:: Supplied information

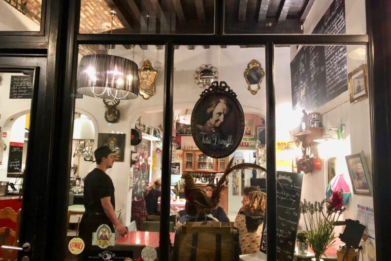 De tous les restos que j’ai testés ces derniers temps (années ?), c’est sans doute le plus fou de tous ! Je l’ai découvert en me promenant sur le web pour préparer mon dernier reportage à Tournai. Puis je suis passée devant sa façade en arpentant la ville. Tatie Danielle : il n’en fallait pas plus pour m’intriguer.
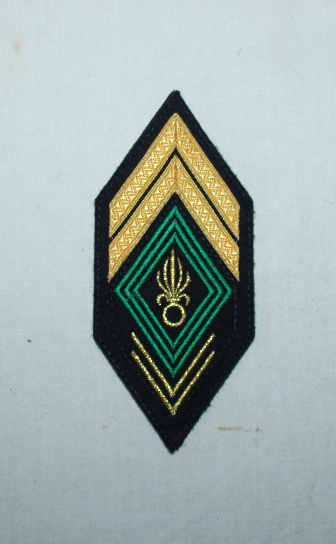 Fabrication actuelle du Losange de bras modèle 45 de sergent de la légion étrangère. Grenade Or de l'infanterie . Avec 2 chevron pour 10 ans de services.
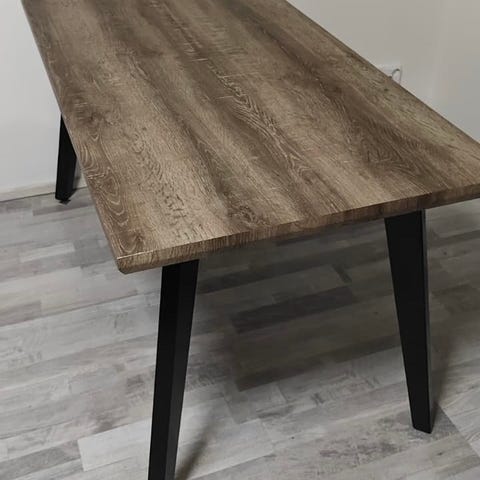 Tyylikäs design-ruokailupöytä laajennusmekanismilla. Mitat: 140x80cm, korkeus 76cm. Uutena hinta yli 1000€ luokkaa.
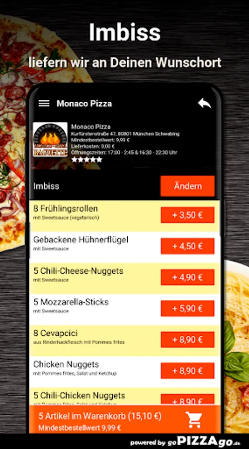Monaco Pizza - Order food in Munich Schwabing Do you like delicious pizza rolls, burgers, baguettes, snacks to order and have them brought to your own 4 walls?
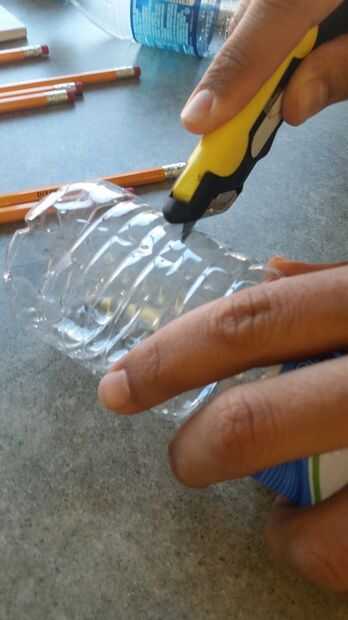 ¿Recuerda la botella de agua de los requisitos? Usted tendrá que cortar la parte inferior de la botella de agua para crear una cesta de la catapulta. Para nuestra catapulta, cortamos la cesta para ser alrededor de 2 pulgadas de profundidad.
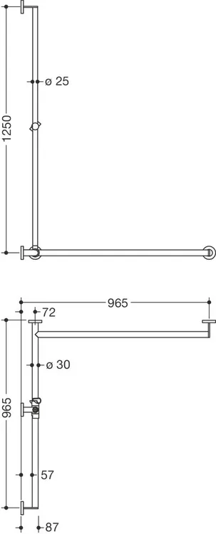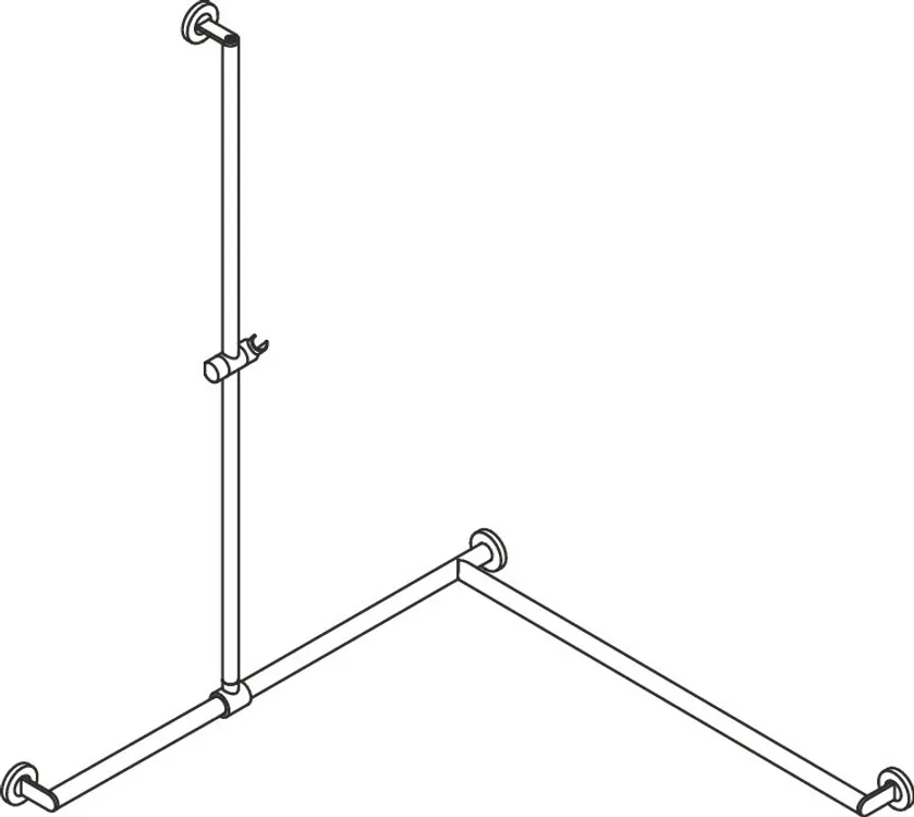 Acier inoxydable, chromé, avec support de douche réglable en plastique, chromé, longueur verticale 1250 mm, longueurs horizontales (montage en angle) 965 mm, diamètre 25 mm, version pour montage à droite, testé jusqu'à 200 kg en utilisant le matériel de fixation HEWI, poids maximal recommandé pour l'utilisateur : 150 kg.

::::

### Exercise details
Exactly as written above, print every line of the data but not its pictures.

### Answer to the exercise
 De tous les restos que j’ai testés ces derniers temps (années ?), c’est sans doute le plus fou de tous ! Je l’ai découvert en me promenant sur le web pour préparer mon dernier reportage à Tournai. Puis je suis passée devant sa façade en arpentant la ville. Tatie Danielle : il n’en fallait pas plus pour m’intriguer.
 Fabrication actuelle du Losange de bras modèle 45 de sergent de la légion étrangère. Grenade Or de l'infanterie . Avec 2 chevron pour 10 ans de services.
 Tyylikäs design-ruokailupöytä laajennusmekanismilla. Mitat: 140x80cm, korkeus 76cm. Uutena hinta yli 1000€ luokkaa.
Monaco Pizza - Order food in Munich Schwabing Do you like delicious pizza rolls, burgers, baguettes, snacks to order and have them brought to your own 4 walls?
 ¿Recuerda la botella de agua de los requisitos? Usted tendrá que cortar la parte inferior de la botella de agua para crear una cesta de la catapulta. Para nuestra catapulta, cortamos la cesta para ser alrededor de 2 pulgadas de profundidad.
 Acier inoxydable, chromé, avec support de douche réglable en plastique, chromé, longueur verticale 1250 mm, longueurs horizontales (montage en angle) 965 mm, diamètre 25 mm, version pour montage à droite, testé jusqu'à 200 kg en utilisant le matériel de fixation HEWI, poids maximal recommandé pour l'utilisateur : 150 kg.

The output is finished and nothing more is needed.